> **RAW DATA**:
────────────────────────────────────────

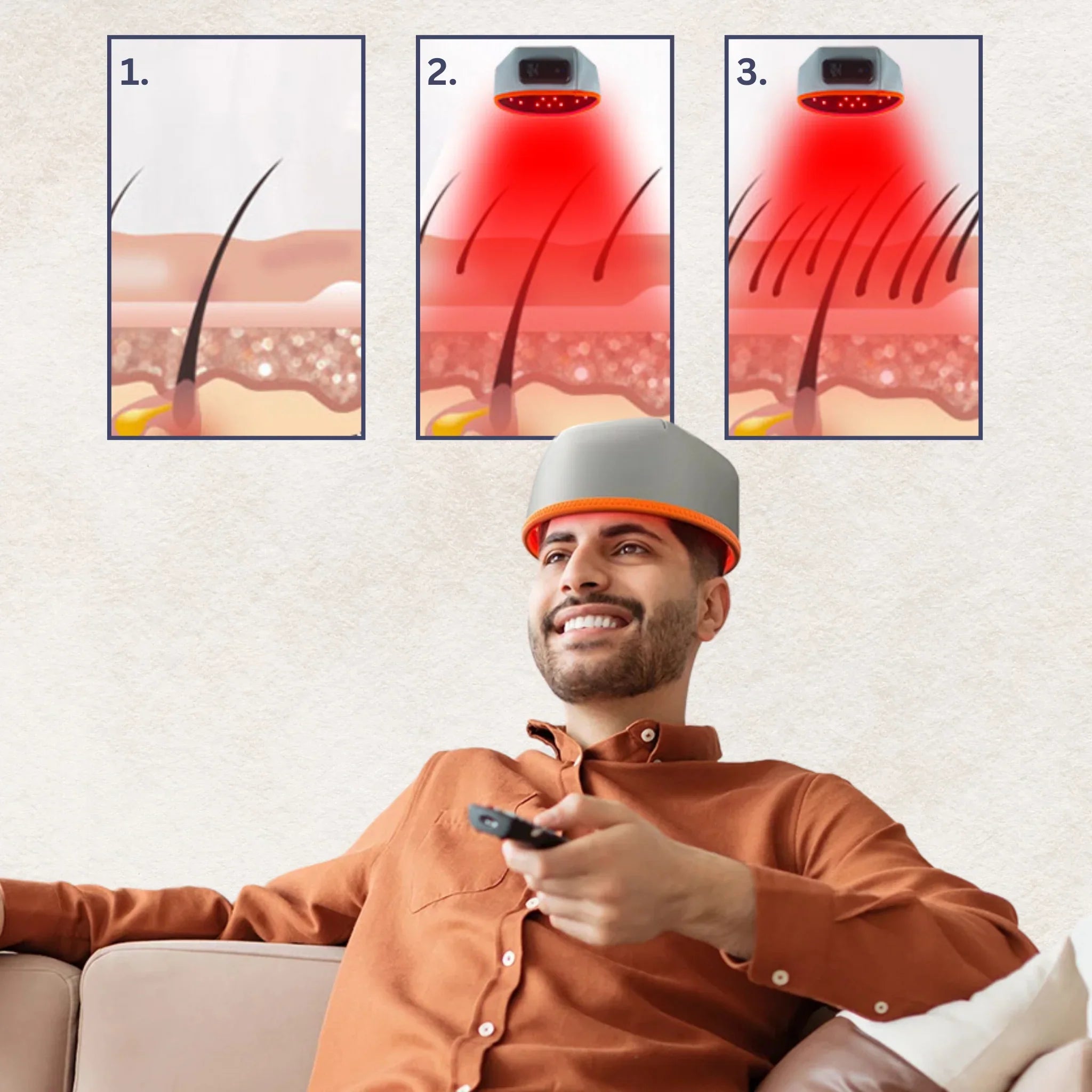 Die HairRevive Lichttherapie-Mütze verwendet fortschrittliche Rotlicht- und Infrarot-Technologie, um tief in die Kopfhaut einzudringen und Haarfollikel zu aktivieren für volleres und gesünderes Haar.
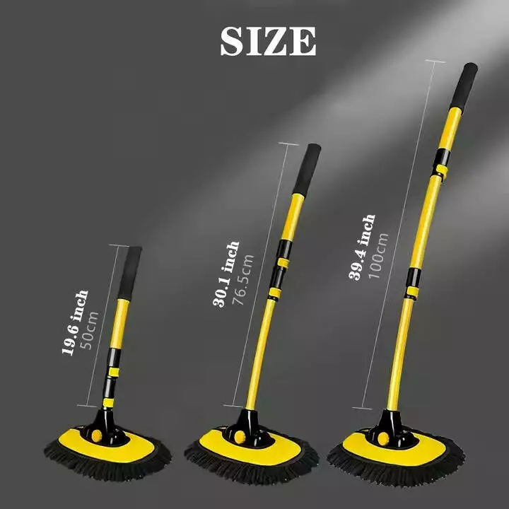 Швабра автомобильная для мойки с выдвижной телескопической изогнутой ручкой размер 28х100 см,желтая
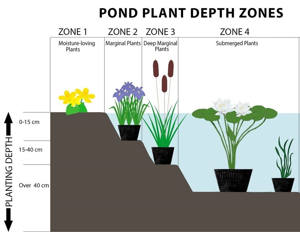 A good all round depth of about 300-400mm (12-16 inches) will accommodate most Submerged plants, including Hardy water lilies.

────────────────────────────────────────

> **DIRECTIONS**:
Reproduce every line above word for word; no images.

> **RESPONSE TO THIS EXERCISE**:
 Die HairRevive Lichttherapie-Mütze verwendet fortschrittliche Rotlicht- und Infrarot-Technologie, um tief in die Kopfhaut einzudringen und Haarfollikel zu aktivieren für volleres und gesünderes Haar.
 Швабра автомобильная для мойки с выдвижной телескопической изогнутой ручкой размер 28х100 см,желтая
 A good all round depth of about 300-400mm (12-16 inches) will accommodate most Submerged plants, including Hardy water lilies.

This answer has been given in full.